Estoy terminando de leer el último libro de Philippe Claudel, Bajo el árbol de los Toraya (Salamandra, 2017). Una hermosísima reflexión sobre la vida y la muerte, y cómo vivir (sí, vivir) plenamente ambas experiencias, que en realidad son dos dimensiones de una misma experiencia.
Volveré sobre este libro en otros comentarios. Sus páginas sobre la enfermedad y, en concreto, sobre el cáncer, me han tocado muy hondo: este ha sido un año en el que el cáncer ha estado muy presente.
Pero ahora quiero detenerme en una faceta de Claudel que desconocía: su relación con la montaña y con el alpinismo, sobre las que escribe cosas como esta:
El alpinismo no sólo es un deporte, es un deseo de medir la disparidad de las proporciones, tanto espaciales como temporales. [...] Allí abajo, allí arriba, no somos nada. Y nuestros esfuerzos por hacernos la ilusión de que por un breve instante somos los dueños del lugar, con el pretexto de que hemos abierto una vía y alcanzado una cima, dejan indiferentes a las inmensas masas de hielo y piedra ante las que nuestros cuerpos sufren, nuestros dedos se despellejan, nuestros labios se agrietan y nuestros ojos arden.

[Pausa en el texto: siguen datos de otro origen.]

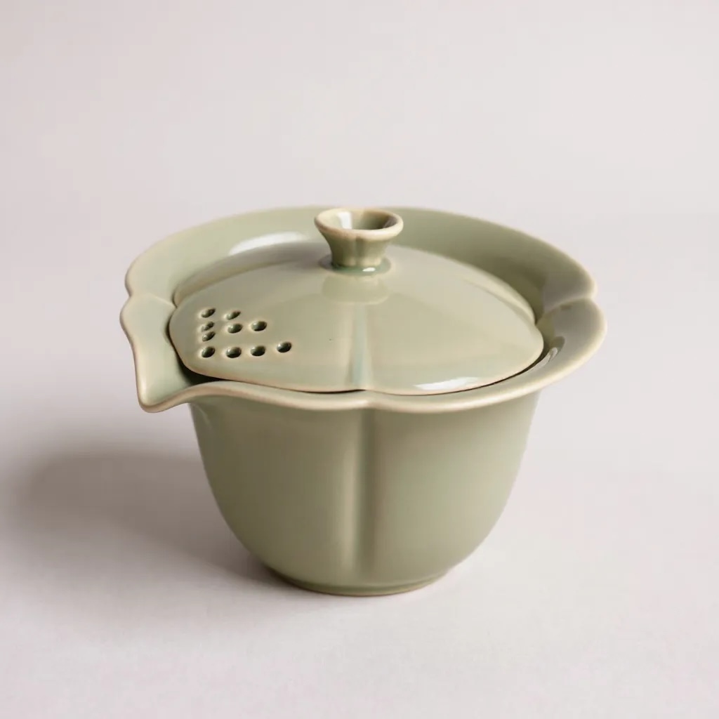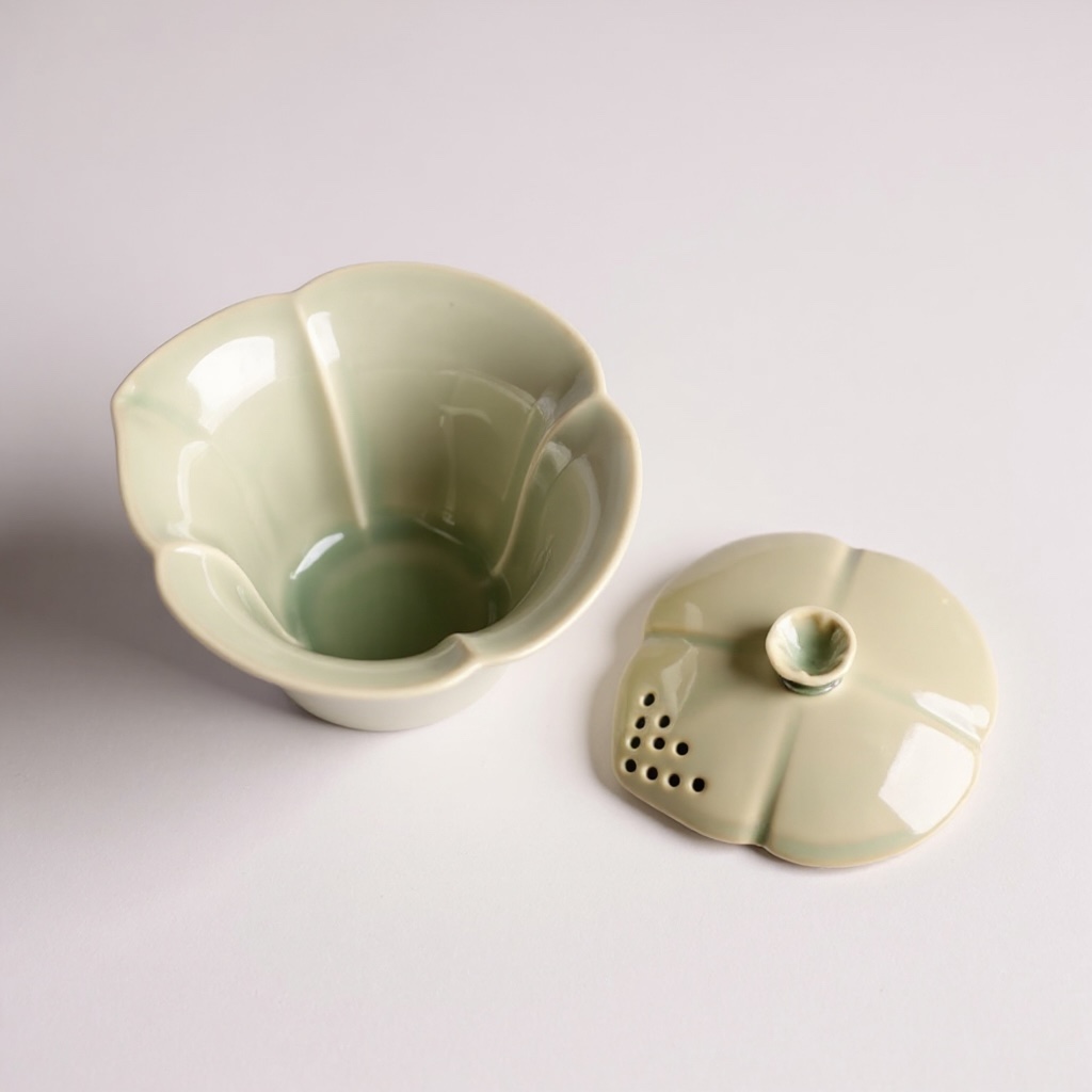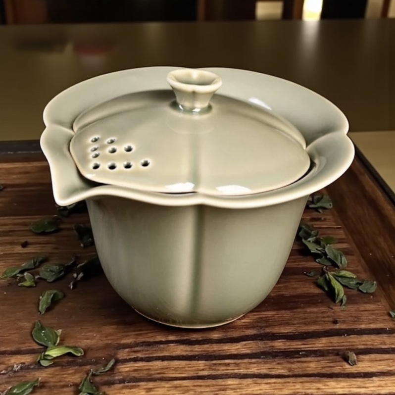 Adorabile gaiwan in celadon, originale di Yue. Un modo semplice per preparare il tè senza bisogno dell’abilità necessaria richiesta per l’uso della gaiwan tradizionale.
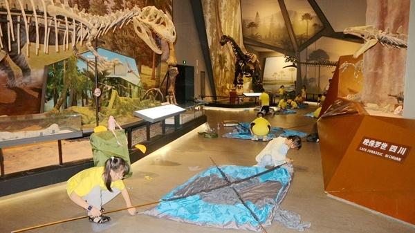為應對夜場活動數量多、而館內工作人員有限的情況,博物館引入專業研學團隊負責夜宿活動的策劃與執行。30組親子家庭在破冰活動后,跟隨專業講解員走進展廳,深入了解脊椎動物的演化歷程;體驗4D電影和化石盲盒等手工制作;最后,在博物館鎮館之寶——長達26米的馬門溪龍骨架化石下搭起帳篷,伴著生動的睡前故事進入夢鄉。
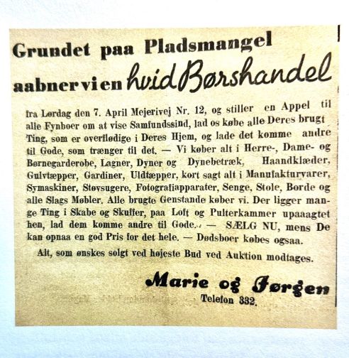 “Grundet pladsmangel åbner vi en hvid børshandel” - Et udklip fra Bogense Avis 5. april 1945. Hvid børshandel var datidens genbrugsbutik
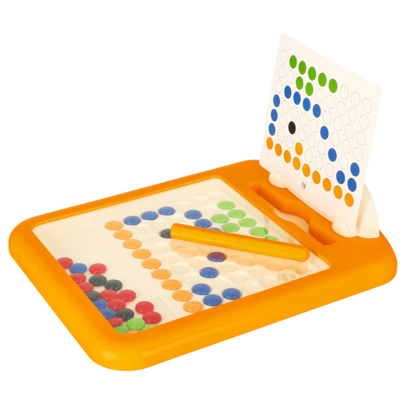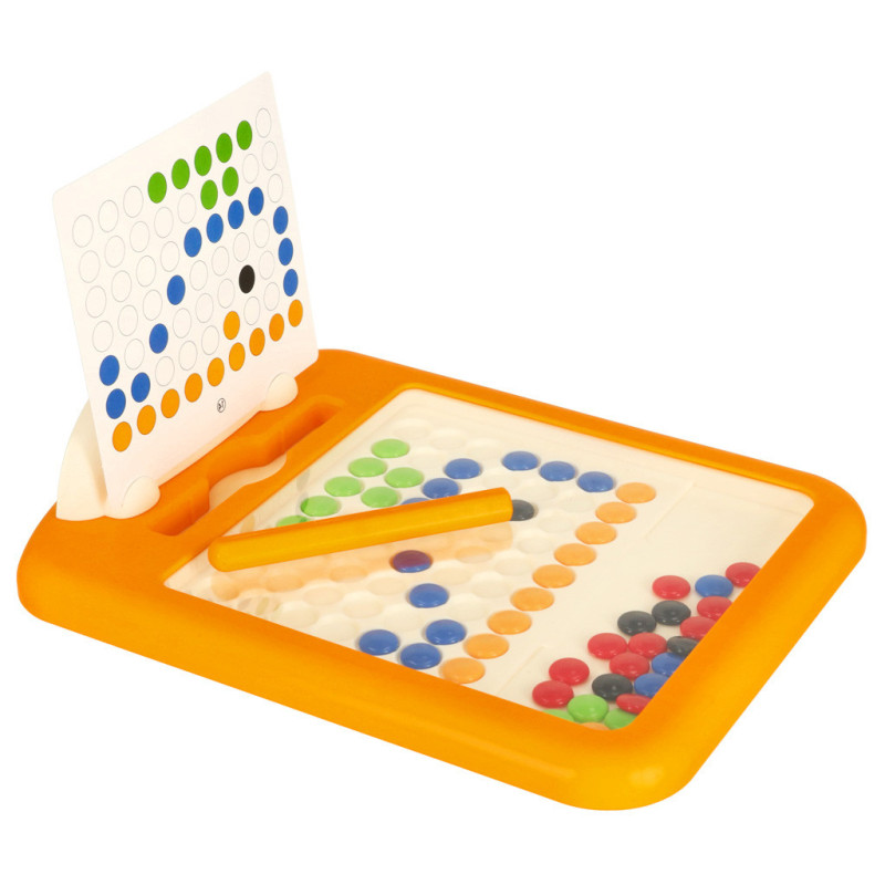 Magnetická tabule má barevné knoflíky, které lze přesouvat pomocí magnetického pera a vytvářet tak různé mozaiky, vzory a obrázky. Děti se mohou řídit dostupnými příklady nebo vymýšlet vlastní nové výtvory. Na tabuli je králíček, který batole provází během hry.

El alpinismo es una dura lección de filosofía. Siempre he creído que en esos territorios, en relidad "inhumanos", pueden experimentarse en toda su plenitud los sentimientos "humanos" que sostienen y justifican nuestras vidas, milagrosamente liberados del burdo lastre con que los carga el mundo.
Esta mañana, mientras caminaba con dificultad entre la nieve blanda, he pensado en ello.